Jeroen Riemeijer HR-consultant
De wereld is onderhevig aan grote veranderingen. Elke dag komen er nieuwe diensten en producten bij en komen mensen tot nieuwe inzichten. Het innovatief vermogen van de markt maakt grote sprongen. Dit heeft ook grote gevolgen voor medewerkers van organisaties, betoogt innovatie-expert Jef Staes. “Als je als mens in de huidige wereld wilt overleven, moet je zeer competent blijven.”
Tekst Martijn Slot
We leven momenteel op een chaotische wereld als gevolg van de vele innovaties, stelt Staes. “De wereld is zichzelf continu aan het aanpassen. Dat betekent dat je als mens ook continu je competenties moet ontwikkelen. Om zo waardevol mogelijk te blijven. En dat moet snel gebeuren omdat de veranderingen ook snel gaan. Mijn ervaring is dat mensen die waardevol willen blijven - dat ze competent zijn om ingehuurd te worden en hun werk te doen - hun competenties makkelijker ontwikkelen als deze in lijn liggen met hun talenten. Talentontwikkeling voor die medewerkers is belangrijk, maar het heeft geen zin als medewerkers deze motivatie niet hebben.”
Waardeverlies
Het is voor organisaties noodzaak om medewerkers te vinden die talent hebben voor de opdrachten waaraan ze werken. “Zij kunnen zich sneller aanpassen en ontwikkelen”, zegt Staes. “Als je als medewerker werk hebt dat niet in lijn ligt met je talenten en er wordt van je gevraagd om je snel aan te passen, ga je merken dat je dat niet kunt. Medewerkers die vandaag de dag niet werken in lijn met hun talenten en werken in een snel veranderende omgeving, gaan snel aan waarde verliezen. Omdat ze moeizaam of niet in staat zijn hun competenties te ontwikkelen.”

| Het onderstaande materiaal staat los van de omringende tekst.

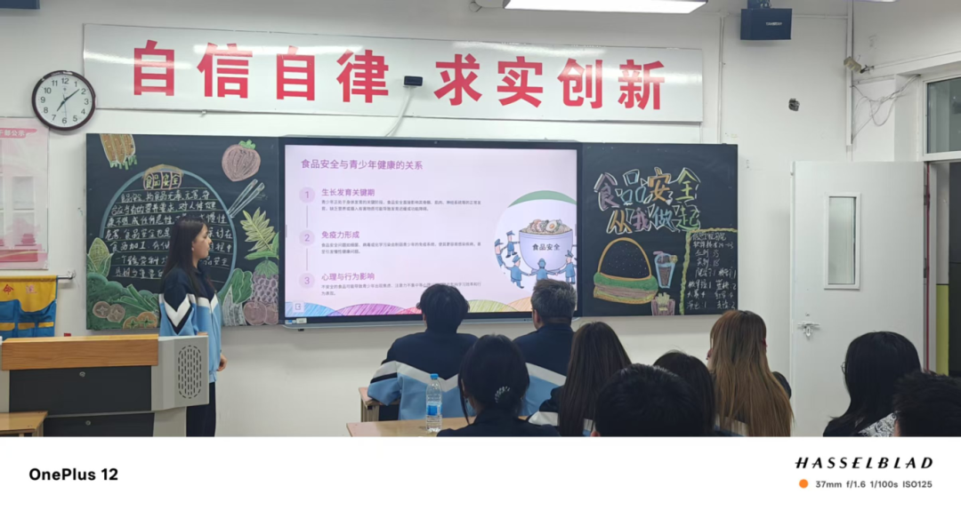 班会中,通过展示各种食品的图片、案例分析和播放相关视频等形式,向同学们介绍了食品安全的重要性以及垃圾食品的危害性,引导大家正视身边的食品安全问题,同时还强调了要从正规渠道购买食品,拒绝路边摊的不洁食物等,提醒学生们养成良好的饮食习惯,懂得要对不健康食品说“不”!
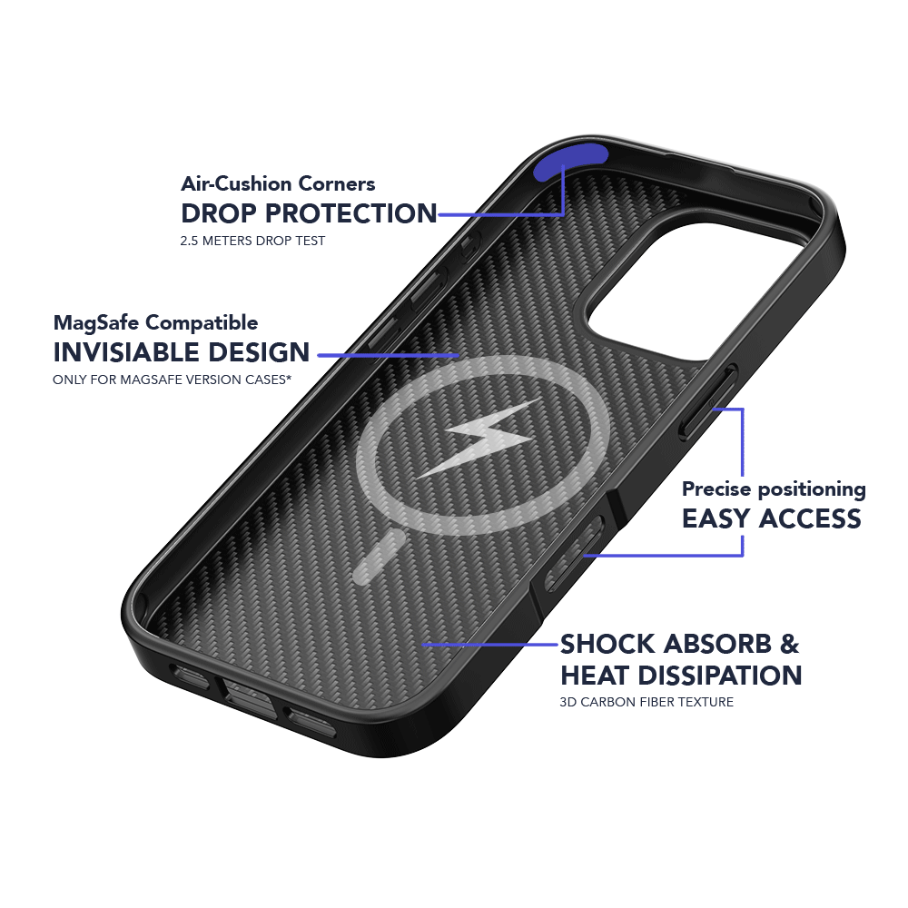 Featuring Air-Cushion corners that absorb impact from accidental drops, this case combines rugged durability with sleek functionality. The tough back panel integrates hidden MagSafe capability (exclusive to our MagSafe Elite range), designed for seamless compatibility—no visible rings on the exterior or interior.
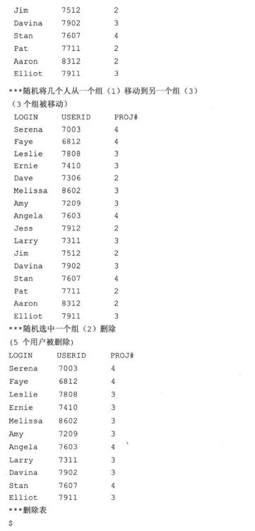 update()和delete()函数随机从一个组里选择了几条记录,如果是update操作,就将他们从当前小组移到另一个小组(也是随机选择的)。如果是delete操作,则删除它们。

De vraag is hoe je als medewerker je competenties kunt ontwikkelen. “Het moet gebeuren vanuit intrinsieke motivatie. Authentieke competentieontwikkeling gebeurt omdat je dat als mens graag wilt. Omdat je jezelf dat verplicht. Als je gepassioneerd bent in het werk dat je doet, wil je ook elke dag leren. Dan leer je snel en verzamel je vanuit jezelf informatie over je vak. Door het feit dat je je grenzen verlegt, komt er dopamine vrij en dat geeft een goed gevoel. Op het moment dat je eigenlijk niet competent kunt blijven, ook al leer je en heb je passie voor wat je doet, wil dat zeggen dat je passie hebt voor iets waar je niet toe voorbestemd bent. Dan ga je niet excelleren en krijg je geen dopamine. Veel mensen bevinden zich in die situatie. Het beste voorbeeld is zingen. Je kunt wel gepassioneerd zijn in zingen, maar als je het niet kunt, kun je er niet competent in worden en krijg je geen dopamine. Dat heb je in alle functies in organisaties.”
HR ondersteunt
Volgens Staes is er een continu transformatieproces bezig en de executives en managers in de organisatie bepalen daarin wat voor diensten en competenties ze nodig hebben. De rol van HR is daarin te volgen, vindt hij. “Als ik vandaag de dag een manager zou zijn en ik moet een nieuw product lanceren of disruptief innoveren, ga ik die medewerkers aantrekken die het meest competent zijn. Maar die heb ik dan niet weer fulltime nodig. Die heb ik alleen nodig voor de tijd die ik nodig heb voor de ontwikkeling of innovatie. HR heeft de ondersteunende rol om de juiste mensen te vinden, mee te denken over het beloningssysteem en hoe de medewerkers continu blijven leren.”
Waar het volgens Staes in het huidige landschap uiteindelijk op neerkomt, is het stellen van dé vraag: hoe creëren we een lerende en zeer innovatieve organisatie om mee te komen met de huidige ontwikkelingen die spelen?